Daphne stepped up to the trembling woman. “Ms. Smirt, I have something to say to you.”

Smirt said nothing and seemed unable to take her eyes off Puck and his wings.

“We are not going back to the orphanage. Not now, not ever. We are not going back to any foster parent, either. Our family is in Ferryport Landing and we’re staying. You are never going to come back to this town. You are never going to bother us again. This is good-bye, Ms. Smirt.”

“Right after the merciless kicking, right?” Puck said. “We talked about the kicking.”

“I vetoed the kicking, remember?” Daphne said.

Puck scowled.

Just then, the train’s conductor came over the speaker system. “Next stop is Poughkeepsie, folks. Next stop, Poughkeepsie.”

Suddenly, Puck’s face fell and his ever-present mischievous grin melted. “Uh-oh.”

“What’s
uh-oh
?” Sabrina cried, looking around. Every time she heard “uh-oh” something bad happened. It usually involved running from monsters or giants.

“The barrier,” Puck shouted as he spun around and ran in the opposite direction of the train’s rolling. “I forgot about the barrier!”

“Uh-oh,” the girls said in unison.
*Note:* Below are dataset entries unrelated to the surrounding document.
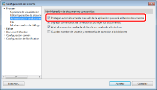 [Configuración del sistema] > [Browser] > [Administración de documentos compartidos] > [Proteger automáticamente tras salir de la aplicación que está editando documentos]
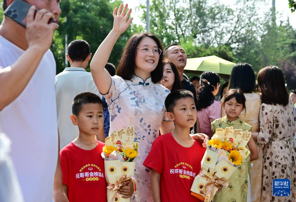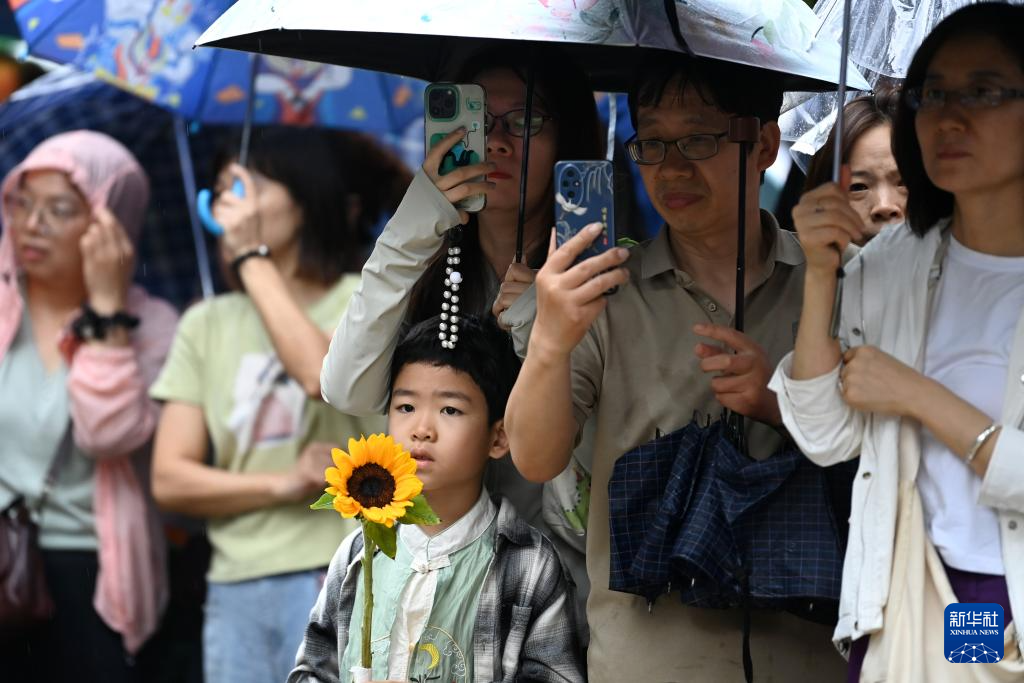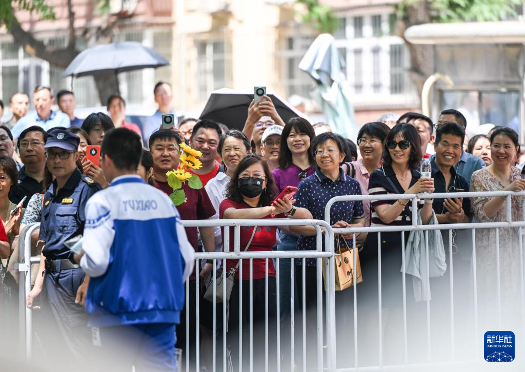 6月7日,在西安交通大学附属中学兴庆校区考点外,考生家属目送考生入场。
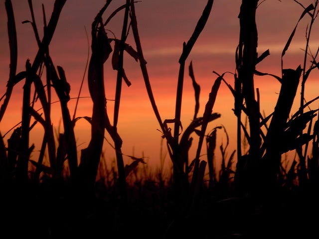 The red glow was almost gone from the sky when Danny turned onto Carl’s street. On his right was a row of new houses with their lights just coming on. Across the street on his left was nothing but farmland, stretching for miles and miles. On the horizon, a single red light at the small airport far away slowly blinked on and off. In between was the cornfield. It had always been there, as long as Danny could remember. Probably longer than Carl’s house, longer than any of the houses on this street. They’d never played in that cornfield or explored it. There was something about it that kept them on their side of the fence, something that was more of a feeling than anything they could put a name too. Until they did.
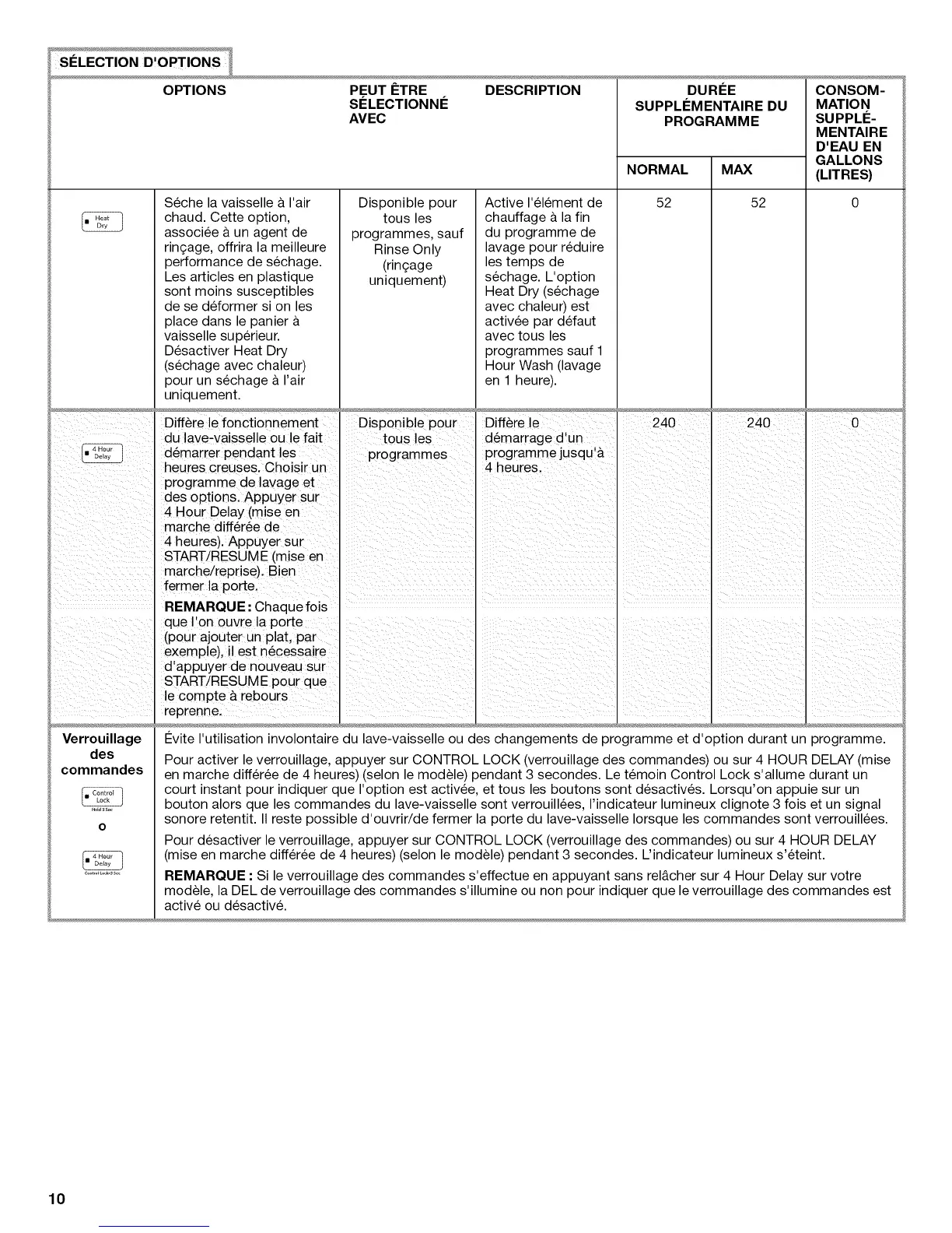 en marche differ6e de 4 heures) (selon le modele) pendant 3 secondes. Le temoin Control Lock s'allume durant un
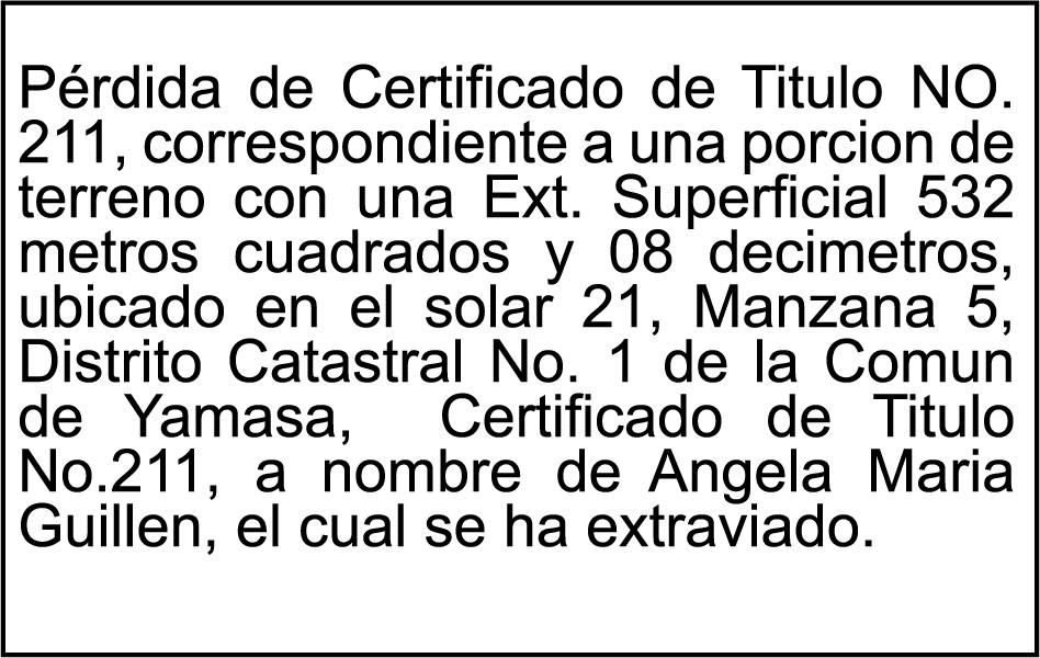 SE hace de público conocimiento la pérdida del Certificado Financiero número 754301646 emitido por Banco Popular Dominicano, S. A. Banco Múltiple, a nombre de MARCOS JOSE GONZALEZ PUELLO, portador de la Cédula de Identidad y Electoral número 001-1089191-8, certificado número 754301646 expedido en fecha 13 de julio de 2009, por el monto de (RD$309,439.09) más intereses generados a la fecha.
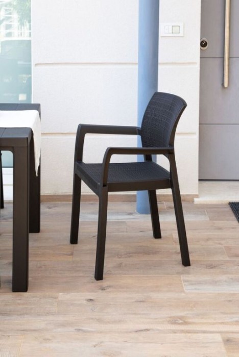Zahradní plastové křeslo ALBA s područkami - Pohodlí, pevnost a styl v jednom! LEHKOST A PEVNOST: I přes svou nízkou hmotnost je křeslo ALBA velmi pevné a stabilní. Díky tomu můžete snadno přesunovat a umístit ho tam, kde právě potřebujete. ELEGANTNÍ DESIGN: Opěrka a sedák křesla jsou elegantně provedeny v oblíbené imitaci ratanu, což dodává vaší zahradě nebo terase moderní a stylový vzhled. SNADNÁ ÚDRŽBA: Materiál tohoto křesla je vyroben z pevného recyklovaného plastu, což zajišťuje odolnost vůči nepříznivým povětrnostním podmínkám a UV záření. Údržba je snadná a rychlá, stačí jednoduše otřít vlhkým hadříkem. STOHOVATELNOST: Křeslo lze snadno skládat a stohovat, což z něj dělá praktickou volbu pro uskladnění mimo sezónu. BAREVNÉ PROVEDENÍ: Grafitové provedení křesla ALBA je univerzální a skvěle doplní mnohé stoly či sestavy v této barvě, což Vám umožní vytvořit elegantní a vkusné venkovní prostředí. Křeslo ALBA - spojení pohodlí, funkčnosti a stylového designu. Vytvořte si svůj vlastní relaxační ráj v zahradě s naším křeslem ALBA!
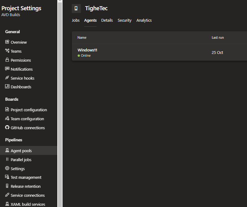 Therefore, I have installed the DevOps Agent onto my local machine and connected to my Azure DevOps environment.
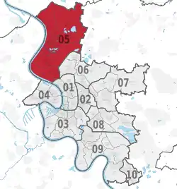 Borough 5 (German: Stadtbezirk 5) is a northern borough of Düsseldorf, the state capital of North Rhine-Westphalia, Germany. Düsseldorf's International Airport is located in the borough. It is the largest borough by land area, but also the least populated. The borough covers an area of 50.75 square kilometres and (as of December 2020) has about 34,500 inhabitants.[1]
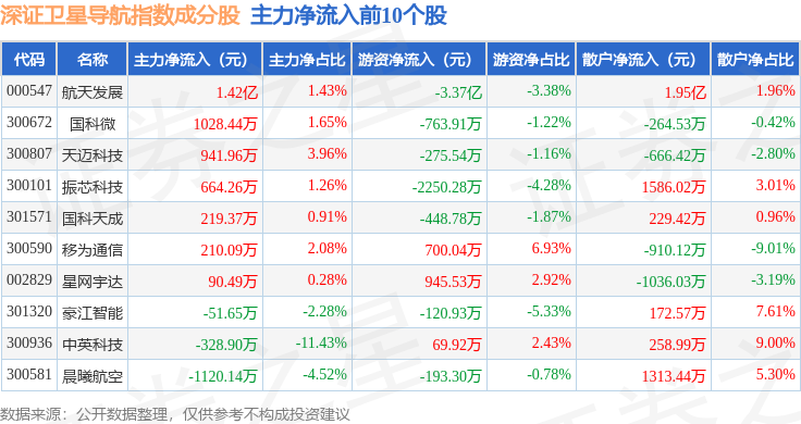 资金流向方面,深证卫星导航(970050)指数成份股当日主力资金净流出合计36.85亿元,游资资金净流入合计1.2亿元,散户资金净流入合计35.65亿元。成份股资金流向详情见下表:
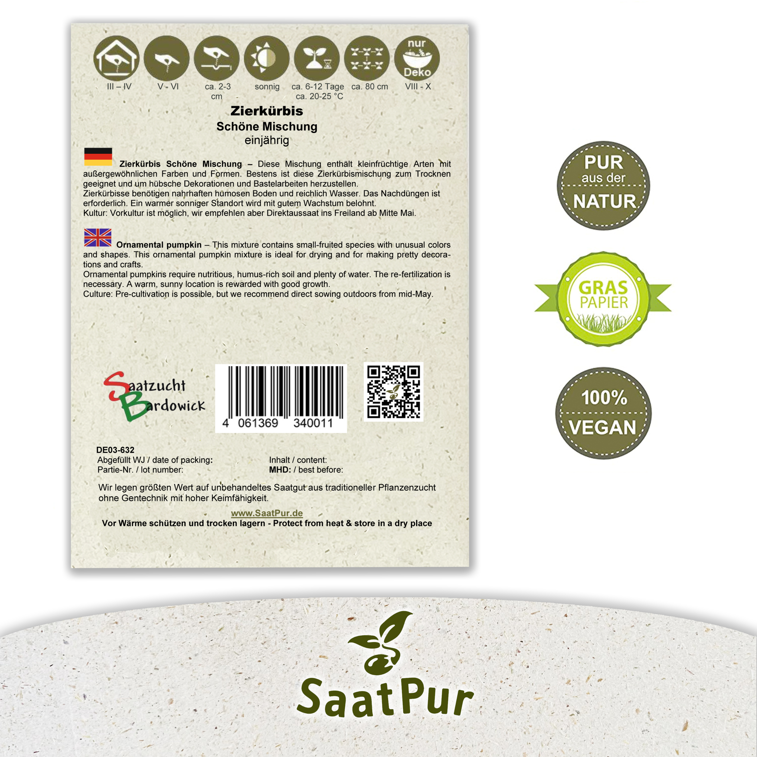 Kultur: Vorkultur ist möglich, wir empfehlen aber Direktaussaat ins Freiland ab Mitte Mai.

No Everafters could pass through the barrier, and so when the train passed through it Puck was sent sailing down the aisle. He flailed helplessly.

“How do you stop this thing?” Puck cried as he was pushed by the invisible force.

Sabrina remembered the emergency brake cord hanging on the wall. She ran to it and yanked the handle as hard as she could. Brakes screamed, and the train whiplashed as it decelerated rapidly. Unfortunately, it wasn’t slowing down quickly enough, and Puck was fast approaching the steel door at the end of the train car. There was no way the train would stop before he slammed into it.

Puck flopped about like a fish in the bottom of a boat. Sabrina knew what he was trying to do. If he could spin around he could trigger a metamorphosis. Besides flying, he had the ability to change his body into animals and a number of inanimate objects. Usually he changed into things that would annoy Sabrina, like a three-legged chair or a skunk, but from time to time he could transform into something useful. Sabrina could do nothing but watch his awkward effort and cheer when he finally succeeded. His arms and legs shrank to thick, treelike stumps. His body plumped up hundreds of pounds and his skin hardened into a gray armor. A hairy horn erupted from the top of his head. In a matter of moments, Puck was no longer an annoying boy in desperate need of a soapy bath, but a full-size rhinoceros. He lowered his head and his diamond-hard horn plowed into the train door, blasting it off its hinges and causing a great commotion in Sabrina’s eardrums.